#### SUPPLIED INFORMATION
# # #

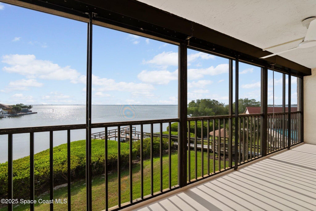 Wake up to breathtaking Banana River views in this spacious 2 bed, 2 bath condo offering over 1,300 sq ft of living space! Enjoy water views from the moment you enter, flowing through the living room, kitchen, and dining area. Step onto the expansive balcony to take in stunning sunsets and spectacular launches over the river, with views of the pool and private beach access below. A community deck over the water invites you to relax or watch for dolphins. The unit includes roll-down hurricane shutters and a private garage conveniently located directly across from the front door. Inside, you'll find newer appliances and a new roof. Amenities include a clubhouse, two swimming pools (one heated), two lighted tennis courts, 1 pickleball court, 1 shuffleboard court, and a sauna. With incredible views and a solid foundation, it's ready for your personal touch. A brief walk to the beach, restaurants, and entertainment—don't miss this rare opportunity to own at Costa Del Sol!
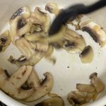 자른 양송이버섯을 오일 두른 팬에 볶은 후, 데미글라스 소스를 넣고 바글바글 끓입니다. 완성된 함박스테이크에 부어서 곁들여 드세요
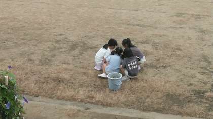今日は、グラウンドの草むしりをしている子供がたくさんいました。

# # #

#### EXERCISE AIM
Please print the data above once more, exactly and without images.

#### RESPONSE TO THIS EXERCISE
 Wake up to breathtaking Banana River views in this spacious 2 bed, 2 bath condo offering over 1,300 sq ft of living space! Enjoy water views from the moment you enter, flowing through the living room, kitchen, and dining area. Step onto the expansive balcony to take in stunning sunsets and spectacular launches over the river, with views of the pool and private beach access below. A community deck over the water invites you to relax or watch for dolphins. The unit includes roll-down hurricane shutters and a private garage conveniently located directly across from the front door. Inside, you'll find newer appliances and a new roof. Amenities include a clubhouse, two swimming pools (one heated), two lighted tennis courts, 1 pickleball court, 1 shuffleboard court, and a sauna. With incredible views and a solid foundation, it's ready for your personal touch. A brief walk to the beach, restaurants, and entertainment—don't miss this rare opportunity to own at Costa Del Sol!
 자른 양송이버섯을 오일 두른 팬에 볶은 후, 데미글라스 소스를 넣고 바글바글 끓입니다. 완성된 함박스테이크에 부어서 곁들여 드세요
今日は、グラウンドの草むしりをしている子供がたくさんいました。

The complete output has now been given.